▶ _Task directions_: Find the line below with "surmounted by 'balls.'". Print it and every line after it exactly, through the last line, leaving out the pictures.

▶ _Data excerpt_:
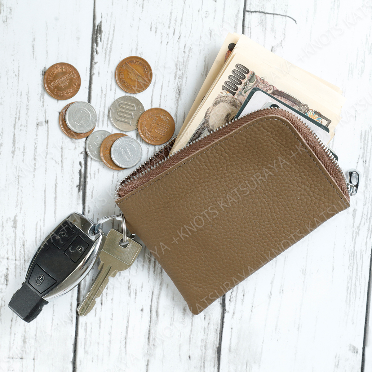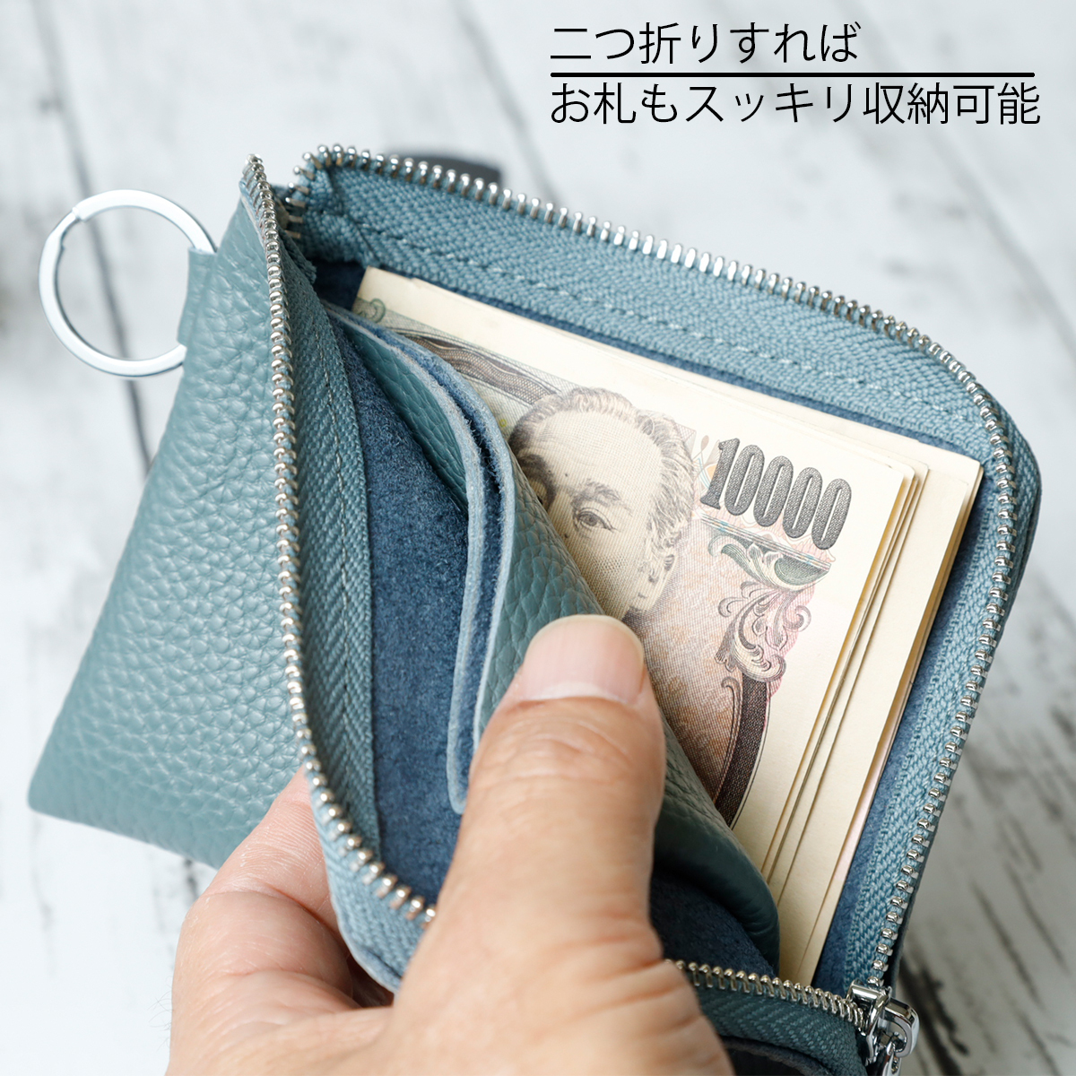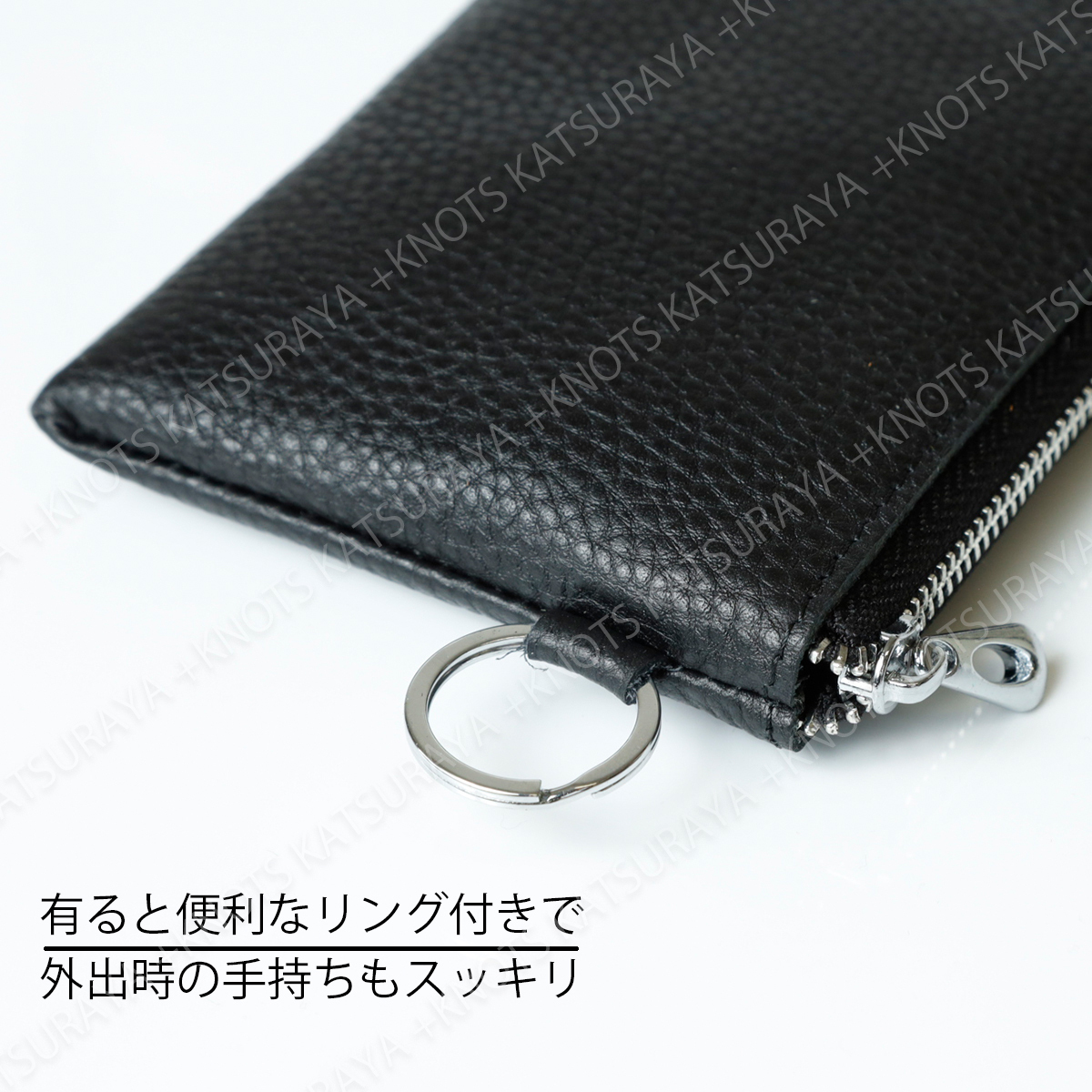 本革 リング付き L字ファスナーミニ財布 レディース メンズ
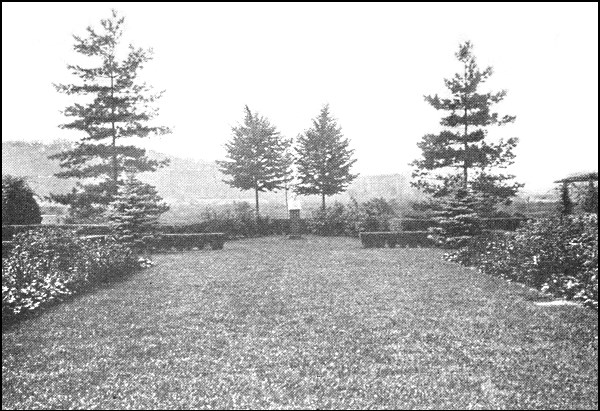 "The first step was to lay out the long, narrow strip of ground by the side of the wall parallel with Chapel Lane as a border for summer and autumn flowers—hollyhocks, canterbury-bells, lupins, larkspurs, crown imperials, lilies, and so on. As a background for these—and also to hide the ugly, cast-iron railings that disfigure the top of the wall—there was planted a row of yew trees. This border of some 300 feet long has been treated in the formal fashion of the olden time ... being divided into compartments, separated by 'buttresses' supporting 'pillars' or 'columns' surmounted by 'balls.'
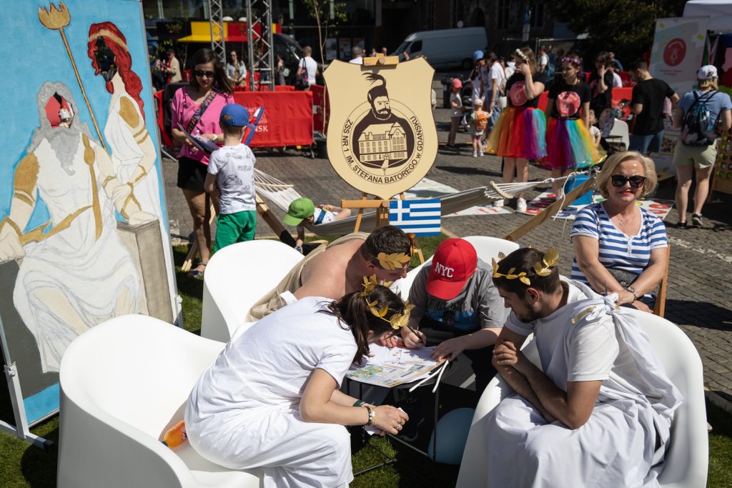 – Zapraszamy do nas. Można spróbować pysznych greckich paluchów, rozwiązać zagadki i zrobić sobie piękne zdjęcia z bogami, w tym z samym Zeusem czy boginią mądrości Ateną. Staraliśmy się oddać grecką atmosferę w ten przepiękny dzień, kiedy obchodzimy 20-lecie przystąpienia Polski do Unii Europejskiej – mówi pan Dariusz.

▶ _Response to the task_:
 "The first step was to lay out the long, narrow strip of ground by the side of the wall parallel with Chapel Lane as a border for summer and autumn flowers—hollyhocks, canterbury-bells, lupins, larkspurs, crown imperials, lilies, and so on. As a background for these—and also to hide the ugly, cast-iron railings that disfigure the top of the wall—there was planted a row of yew trees. This border of some 300 feet long has been treated in the formal fashion of the olden time ... being divided into compartments, separated by 'buttresses' supporting 'pillars' or 'columns' surmounted by 'balls.'
 – Zapraszamy do nas. Można spróbować pysznych greckich paluchów, rozwiązać zagadki i zrobić sobie piękne zdjęcia z bogami, w tym z samym Zeusem czy boginią mądrości Ateną. Staraliśmy się oddać grecką atmosferę w ten przepiękny dzień, kiedy obchodzimy 20-lecie przystąpienia Polski do Unii Europejskiej – mówi pan Dariusz.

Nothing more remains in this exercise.